## Available data
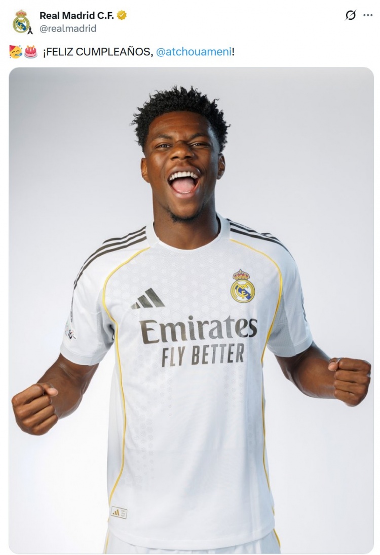 皇马官方社媒晒出琼阿梅尼的照片,配文:“生日快乐,琼阿梅尼!”
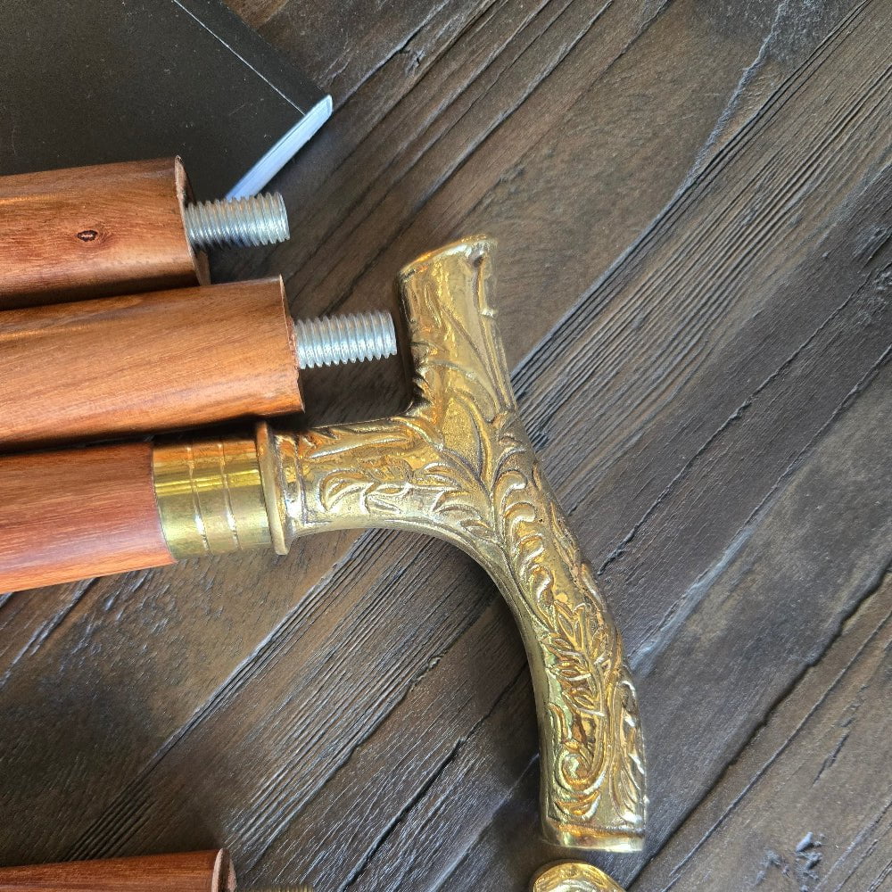 Crafted with timeless elegance, this walking stick combines the strength of solid wood with the charm of a beautifully detailed brass handle. Designed for both style and practicality, it features a sturdy construction that dismantles into three compact sections—making it easy to carry and reassemble by hand, no tools required.
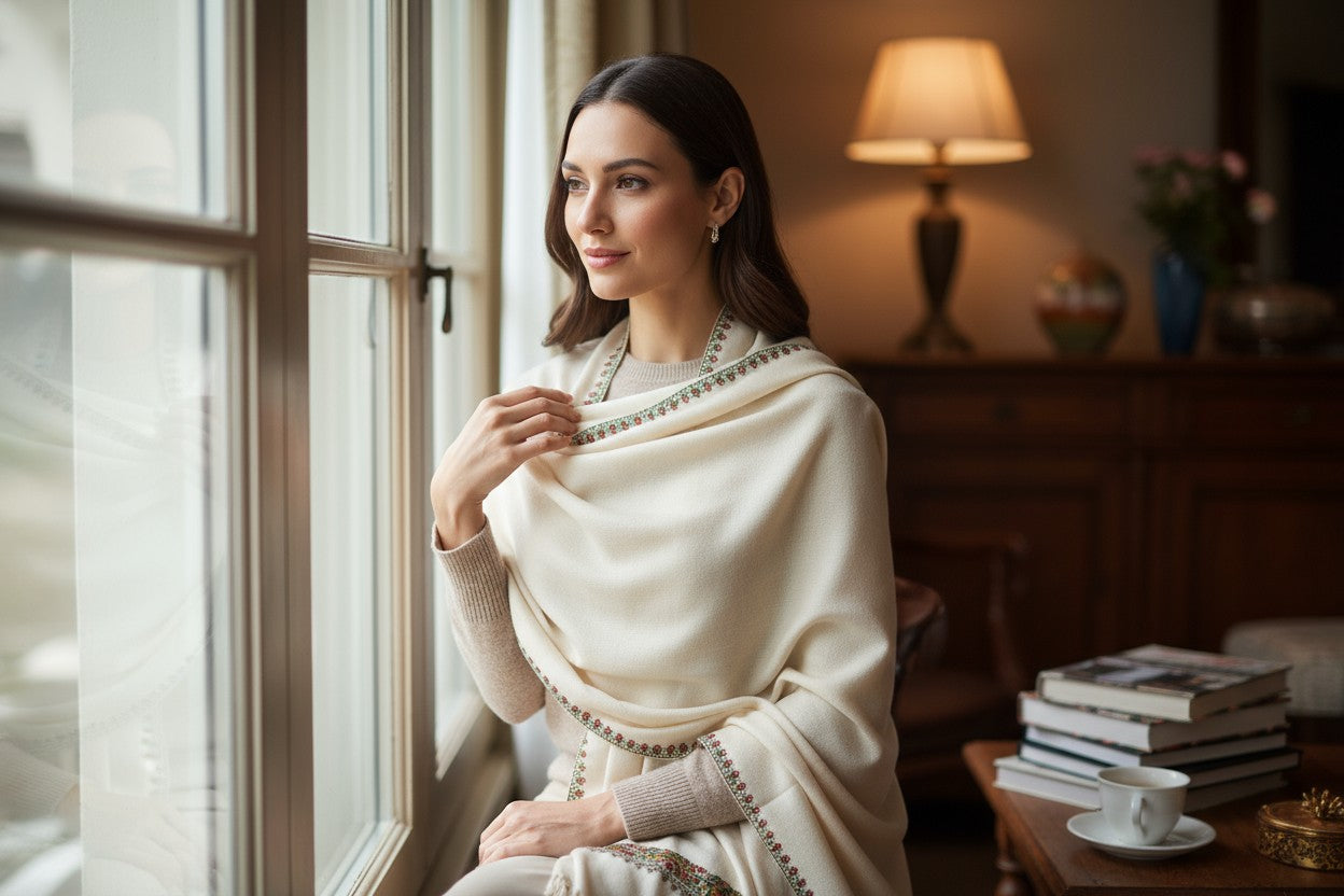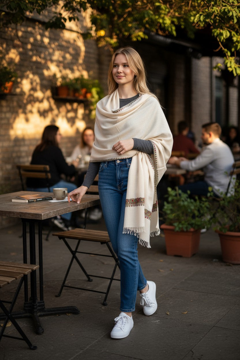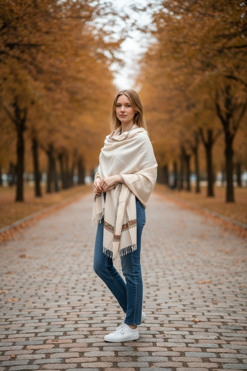 Kashmiri Woolen Stole with Aari Embroidery | Elegant Winter Wrap | Traditional Ethnic Wear for Women - White

## What to do
The copy must reproduce the listing above verbatim and contain no pictures.

## Your response
 皇马官方社媒晒出琼阿梅尼的照片,配文:“生日快乐,琼阿梅尼!”
 Crafted with timeless elegance, this walking stick combines the strength of solid wood with the charm of a beautifully detailed brass handle. Designed for both style and practicality, it features a sturdy construction that dismantles into three compact sections—making it easy to carry and reassemble by hand, no tools required.
 Kashmiri Woolen Stole with Aari Embroidery | Elegant Winter Wrap | Traditional Ethnic Wear for Women - White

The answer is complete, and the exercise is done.